**TASK STATEMENT**.
Locate the line that contains "3. 马丁靴与紧身的铅笔裤搭". Print it and every subsequent line through the final line of the records, exactly and only those.

-- LISTED RECORDS follows --

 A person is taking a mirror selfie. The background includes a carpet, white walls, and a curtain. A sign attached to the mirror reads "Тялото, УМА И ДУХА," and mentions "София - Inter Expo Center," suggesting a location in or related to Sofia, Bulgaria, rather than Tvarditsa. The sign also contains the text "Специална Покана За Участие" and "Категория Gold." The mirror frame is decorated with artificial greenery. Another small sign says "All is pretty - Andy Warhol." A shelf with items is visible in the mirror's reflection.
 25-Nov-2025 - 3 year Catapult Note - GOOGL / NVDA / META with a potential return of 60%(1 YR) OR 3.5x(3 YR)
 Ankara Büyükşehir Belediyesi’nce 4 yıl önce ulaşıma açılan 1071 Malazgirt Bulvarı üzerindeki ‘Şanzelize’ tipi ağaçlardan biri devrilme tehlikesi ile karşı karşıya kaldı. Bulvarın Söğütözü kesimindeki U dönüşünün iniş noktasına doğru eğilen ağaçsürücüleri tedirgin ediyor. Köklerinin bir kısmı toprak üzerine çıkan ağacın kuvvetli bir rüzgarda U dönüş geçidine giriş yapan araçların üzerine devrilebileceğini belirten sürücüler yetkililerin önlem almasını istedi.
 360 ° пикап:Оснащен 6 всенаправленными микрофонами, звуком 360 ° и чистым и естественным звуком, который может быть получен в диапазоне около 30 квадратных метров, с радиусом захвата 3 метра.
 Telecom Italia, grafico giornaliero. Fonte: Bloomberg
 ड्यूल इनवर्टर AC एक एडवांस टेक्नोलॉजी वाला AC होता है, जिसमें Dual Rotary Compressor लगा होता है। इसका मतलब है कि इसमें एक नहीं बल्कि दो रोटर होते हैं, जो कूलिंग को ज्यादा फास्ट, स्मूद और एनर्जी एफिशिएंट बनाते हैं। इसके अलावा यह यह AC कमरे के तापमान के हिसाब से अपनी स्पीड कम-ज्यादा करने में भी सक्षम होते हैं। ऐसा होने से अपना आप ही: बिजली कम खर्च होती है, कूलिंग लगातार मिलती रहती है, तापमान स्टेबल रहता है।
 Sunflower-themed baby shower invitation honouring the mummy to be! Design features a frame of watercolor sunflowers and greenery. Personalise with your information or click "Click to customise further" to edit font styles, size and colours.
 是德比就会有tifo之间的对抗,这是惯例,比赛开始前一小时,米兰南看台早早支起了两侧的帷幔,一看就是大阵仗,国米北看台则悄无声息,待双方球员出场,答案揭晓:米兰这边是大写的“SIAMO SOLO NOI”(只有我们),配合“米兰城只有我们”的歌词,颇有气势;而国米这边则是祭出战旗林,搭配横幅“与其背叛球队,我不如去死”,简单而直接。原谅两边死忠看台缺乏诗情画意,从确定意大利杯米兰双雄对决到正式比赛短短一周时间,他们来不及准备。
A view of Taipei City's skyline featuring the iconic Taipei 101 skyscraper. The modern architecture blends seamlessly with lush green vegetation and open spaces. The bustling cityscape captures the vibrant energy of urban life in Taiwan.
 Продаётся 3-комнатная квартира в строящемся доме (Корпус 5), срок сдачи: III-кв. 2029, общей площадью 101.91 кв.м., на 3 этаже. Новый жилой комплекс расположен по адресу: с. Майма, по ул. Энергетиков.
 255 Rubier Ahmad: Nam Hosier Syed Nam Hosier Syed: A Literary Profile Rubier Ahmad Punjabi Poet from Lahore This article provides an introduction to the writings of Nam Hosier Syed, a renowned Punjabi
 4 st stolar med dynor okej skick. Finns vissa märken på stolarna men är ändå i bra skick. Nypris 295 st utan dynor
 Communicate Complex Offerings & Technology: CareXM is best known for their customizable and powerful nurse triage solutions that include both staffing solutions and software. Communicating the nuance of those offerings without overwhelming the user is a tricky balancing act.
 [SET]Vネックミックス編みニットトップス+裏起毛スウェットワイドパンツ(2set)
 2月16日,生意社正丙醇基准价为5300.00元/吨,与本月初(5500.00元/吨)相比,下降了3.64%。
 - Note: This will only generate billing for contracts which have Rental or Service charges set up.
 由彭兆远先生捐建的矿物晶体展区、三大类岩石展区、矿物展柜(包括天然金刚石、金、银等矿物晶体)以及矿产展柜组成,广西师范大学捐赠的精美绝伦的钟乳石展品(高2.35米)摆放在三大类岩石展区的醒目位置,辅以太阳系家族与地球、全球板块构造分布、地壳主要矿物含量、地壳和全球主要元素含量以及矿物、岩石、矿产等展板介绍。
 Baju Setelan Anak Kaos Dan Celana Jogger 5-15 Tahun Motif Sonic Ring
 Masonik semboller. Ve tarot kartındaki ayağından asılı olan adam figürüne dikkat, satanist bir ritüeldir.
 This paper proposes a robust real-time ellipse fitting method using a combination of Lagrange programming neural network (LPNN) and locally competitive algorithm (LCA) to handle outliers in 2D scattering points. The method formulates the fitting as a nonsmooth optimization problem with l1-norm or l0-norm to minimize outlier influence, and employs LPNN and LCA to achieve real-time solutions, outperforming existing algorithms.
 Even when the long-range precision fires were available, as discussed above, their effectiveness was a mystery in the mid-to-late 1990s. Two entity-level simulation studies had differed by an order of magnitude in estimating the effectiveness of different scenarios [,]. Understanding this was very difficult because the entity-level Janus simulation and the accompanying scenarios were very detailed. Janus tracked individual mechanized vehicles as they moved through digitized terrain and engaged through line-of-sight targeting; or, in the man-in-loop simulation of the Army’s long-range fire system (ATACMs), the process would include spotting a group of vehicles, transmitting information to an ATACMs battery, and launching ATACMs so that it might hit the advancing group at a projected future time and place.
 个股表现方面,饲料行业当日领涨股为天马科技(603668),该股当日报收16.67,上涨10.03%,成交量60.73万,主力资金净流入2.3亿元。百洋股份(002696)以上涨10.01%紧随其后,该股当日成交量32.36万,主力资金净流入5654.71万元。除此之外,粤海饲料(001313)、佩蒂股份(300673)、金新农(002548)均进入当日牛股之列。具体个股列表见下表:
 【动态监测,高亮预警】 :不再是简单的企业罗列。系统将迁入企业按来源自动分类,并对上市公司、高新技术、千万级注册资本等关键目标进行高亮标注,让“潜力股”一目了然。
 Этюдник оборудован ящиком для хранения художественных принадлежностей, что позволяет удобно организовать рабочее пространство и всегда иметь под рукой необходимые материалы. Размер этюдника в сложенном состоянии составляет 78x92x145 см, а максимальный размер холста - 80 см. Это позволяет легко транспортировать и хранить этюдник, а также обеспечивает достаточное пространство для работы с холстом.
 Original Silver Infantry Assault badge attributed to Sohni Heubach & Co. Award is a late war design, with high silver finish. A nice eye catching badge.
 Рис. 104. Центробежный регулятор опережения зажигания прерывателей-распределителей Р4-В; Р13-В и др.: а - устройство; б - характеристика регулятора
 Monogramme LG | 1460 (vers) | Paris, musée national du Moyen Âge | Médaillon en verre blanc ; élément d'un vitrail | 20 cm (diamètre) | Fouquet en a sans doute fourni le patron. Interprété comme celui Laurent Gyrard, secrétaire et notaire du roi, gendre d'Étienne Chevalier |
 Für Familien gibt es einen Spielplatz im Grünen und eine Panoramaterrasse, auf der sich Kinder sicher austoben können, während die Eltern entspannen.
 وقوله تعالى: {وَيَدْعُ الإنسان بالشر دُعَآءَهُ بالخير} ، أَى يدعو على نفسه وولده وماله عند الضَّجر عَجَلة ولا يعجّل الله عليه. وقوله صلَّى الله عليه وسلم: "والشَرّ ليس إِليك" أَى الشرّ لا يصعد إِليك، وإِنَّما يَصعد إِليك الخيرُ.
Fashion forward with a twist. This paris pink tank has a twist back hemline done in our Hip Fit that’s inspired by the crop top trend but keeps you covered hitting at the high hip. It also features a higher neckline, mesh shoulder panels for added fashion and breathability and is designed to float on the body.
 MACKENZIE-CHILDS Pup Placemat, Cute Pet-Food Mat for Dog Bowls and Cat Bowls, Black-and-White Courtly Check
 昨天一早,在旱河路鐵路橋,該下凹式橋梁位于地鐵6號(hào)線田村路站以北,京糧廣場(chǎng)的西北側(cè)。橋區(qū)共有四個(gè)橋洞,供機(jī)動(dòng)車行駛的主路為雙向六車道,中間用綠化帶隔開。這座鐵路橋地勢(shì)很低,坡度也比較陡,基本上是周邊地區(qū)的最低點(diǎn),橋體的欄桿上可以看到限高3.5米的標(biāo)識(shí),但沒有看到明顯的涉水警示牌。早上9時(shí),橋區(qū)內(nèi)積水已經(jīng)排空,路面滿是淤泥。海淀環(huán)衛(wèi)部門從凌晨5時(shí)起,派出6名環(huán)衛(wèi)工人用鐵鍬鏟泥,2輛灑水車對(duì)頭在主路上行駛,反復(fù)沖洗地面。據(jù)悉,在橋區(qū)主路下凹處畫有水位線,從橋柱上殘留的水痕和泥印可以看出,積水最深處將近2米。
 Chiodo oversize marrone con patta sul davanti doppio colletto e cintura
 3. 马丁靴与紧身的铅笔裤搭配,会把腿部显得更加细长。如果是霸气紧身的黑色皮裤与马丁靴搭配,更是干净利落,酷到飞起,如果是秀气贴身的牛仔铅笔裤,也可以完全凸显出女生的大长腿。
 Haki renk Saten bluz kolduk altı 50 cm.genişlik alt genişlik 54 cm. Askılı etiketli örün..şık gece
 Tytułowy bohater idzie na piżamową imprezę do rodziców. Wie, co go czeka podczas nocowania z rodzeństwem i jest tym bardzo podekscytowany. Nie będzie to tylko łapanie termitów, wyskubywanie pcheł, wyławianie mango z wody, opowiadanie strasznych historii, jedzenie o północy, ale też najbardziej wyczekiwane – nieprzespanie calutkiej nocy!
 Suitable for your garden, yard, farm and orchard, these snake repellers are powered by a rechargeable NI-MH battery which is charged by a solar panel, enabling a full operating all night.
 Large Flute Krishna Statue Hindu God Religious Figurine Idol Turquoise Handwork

-- LISTED RECORDS concluded --

**SOLUTION TO THIS TASK**.
 3. 马丁靴与紧身的铅笔裤搭配,会把腿部显得更加细长。如果是霸气紧身的黑色皮裤与马丁靴搭配,更是干净利落,酷到飞起,如果是秀气贴身的牛仔铅笔裤,也可以完全凸显出女生的大长腿。
 Haki renk Saten bluz kolduk altı 50 cm.genişlik alt genişlik 54 cm. Askılı etiketli örün..şık gece
 Tytułowy bohater idzie na piżamową imprezę do rodziców. Wie, co go czeka podczas nocowania z rodzeństwem i jest tym bardzo podekscytowany. Nie będzie to tylko łapanie termitów, wyskubywanie pcheł, wyławianie mango z wody, opowiadanie strasznych historii, jedzenie o północy, ale też najbardziej wyczekiwane – nieprzespanie calutkiej nocy!
 Suitable for your garden, yard, farm and orchard, these snake repellers are powered by a rechargeable NI-MH battery which is charged by a solar panel, enabling a full operating all night.
 Large Flute Krishna Statue Hindu God Religious Figurine Idol Turquoise Handwork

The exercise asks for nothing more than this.